WHAT YOU WILL DO
Exactly the lines from the start of the entries through the line with "Luxury vinyl plank greats" are required in the output, with no pictures among them.

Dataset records
•••••

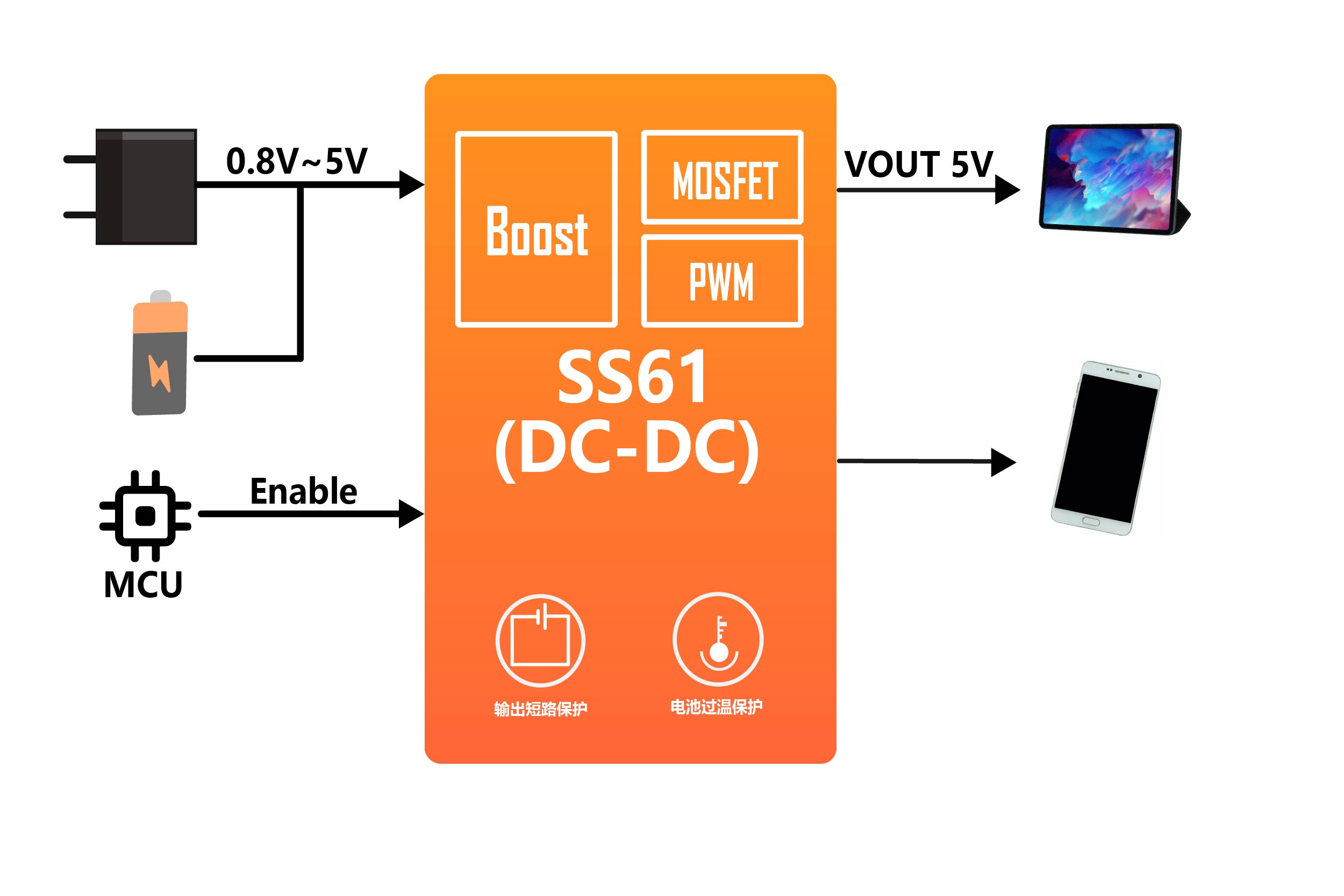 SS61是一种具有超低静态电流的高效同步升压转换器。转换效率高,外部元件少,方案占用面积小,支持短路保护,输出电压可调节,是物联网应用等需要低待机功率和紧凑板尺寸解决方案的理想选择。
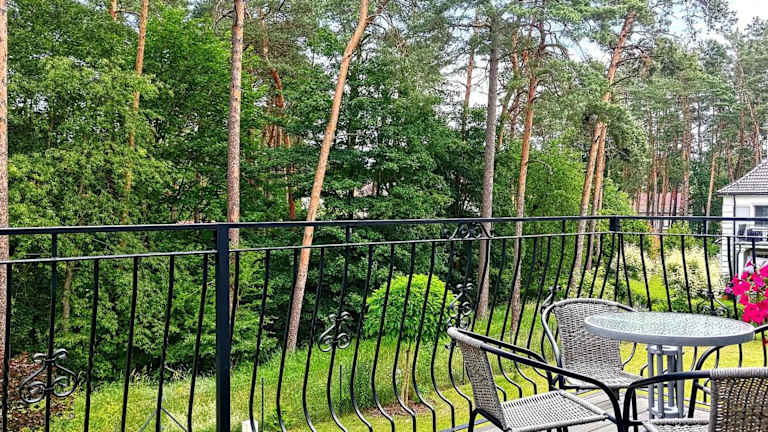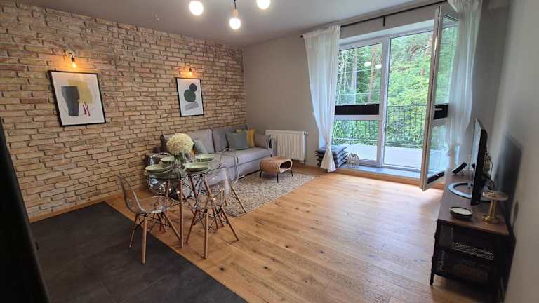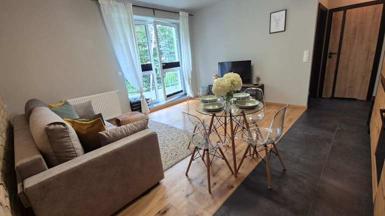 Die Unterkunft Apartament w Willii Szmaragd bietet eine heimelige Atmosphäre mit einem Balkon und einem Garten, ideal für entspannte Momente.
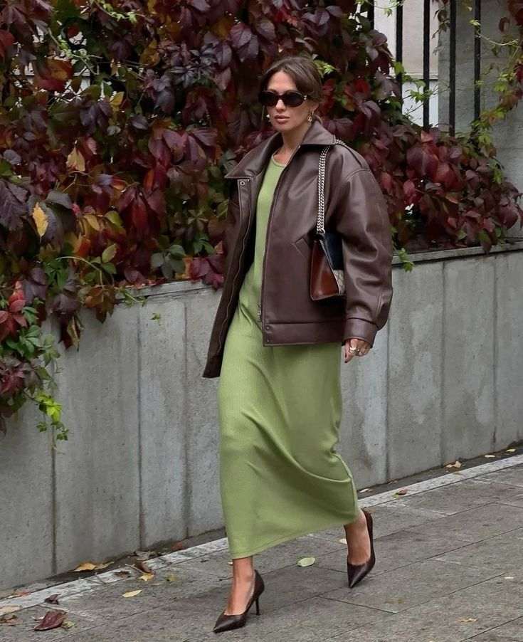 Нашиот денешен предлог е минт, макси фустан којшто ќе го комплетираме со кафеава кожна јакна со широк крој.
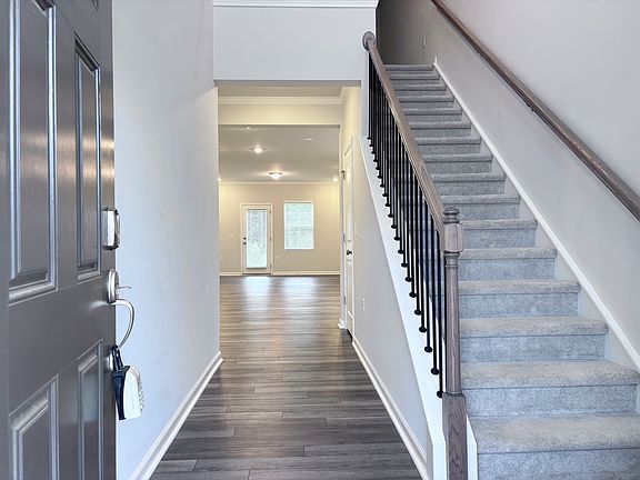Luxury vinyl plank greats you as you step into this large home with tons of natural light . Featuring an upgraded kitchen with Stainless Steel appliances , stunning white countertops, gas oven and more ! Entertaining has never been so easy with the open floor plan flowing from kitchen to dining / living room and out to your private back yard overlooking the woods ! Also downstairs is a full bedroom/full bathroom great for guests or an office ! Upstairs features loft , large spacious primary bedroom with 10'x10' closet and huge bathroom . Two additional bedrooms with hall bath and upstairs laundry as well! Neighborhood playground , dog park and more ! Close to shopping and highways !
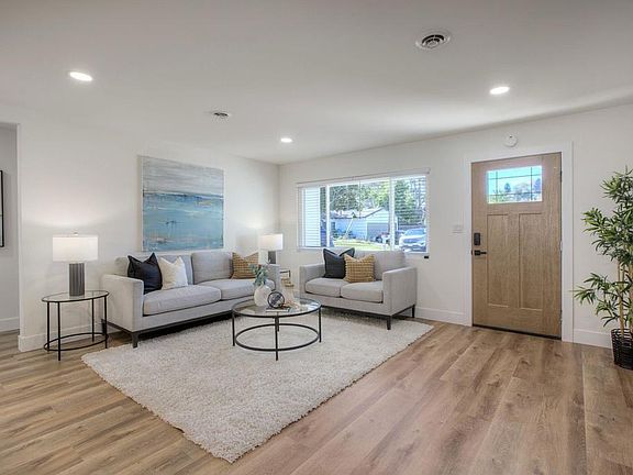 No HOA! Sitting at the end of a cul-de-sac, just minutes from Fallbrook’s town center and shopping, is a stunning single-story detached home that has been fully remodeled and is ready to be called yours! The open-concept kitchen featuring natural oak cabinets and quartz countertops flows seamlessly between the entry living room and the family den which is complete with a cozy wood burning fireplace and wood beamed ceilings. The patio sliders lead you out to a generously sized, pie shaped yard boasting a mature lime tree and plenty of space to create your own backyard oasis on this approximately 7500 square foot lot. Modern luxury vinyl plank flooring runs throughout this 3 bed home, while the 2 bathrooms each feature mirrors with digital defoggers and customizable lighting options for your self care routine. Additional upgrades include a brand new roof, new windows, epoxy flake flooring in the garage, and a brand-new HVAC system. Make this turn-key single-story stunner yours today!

•••••

RESPONSE
 SS61是一种具有超低静态电流的高效同步升压转换器。转换效率高,外部元件少,方案占用面积小,支持短路保护,输出电压可调节,是物联网应用等需要低待机功率和紧凑板尺寸解决方案的理想选择。
 Die Unterkunft Apartament w Willii Szmaragd bietet eine heimelige Atmosphäre mit einem Balkon und einem Garten, ideal für entspannte Momente.
 Нашиот денешен предлог е минт, макси фустан којшто ќе го комплетираме со кафеава кожна јакна со широк крој.
Luxury vinyl plank greats you as you step into this large home with tons of natural light . Featuring an upgraded kitchen with Stainless Steel appliances , stunning white countertops, gas oven and more ! Entertaining has never been so easy with the open floor plan flowing from kitchen to dining / living room and out to your private back yard overlooking the woods ! Also downstairs is a full bedroom/full bathroom great for guests or an office ! Upstairs features loft , large spacious primary bedroom with 10'x10' closet and huge bathroom . Two additional bedrooms with hall bath and upstairs laundry as well! Neighborhood playground , dog park and more ! Close to shopping and highways !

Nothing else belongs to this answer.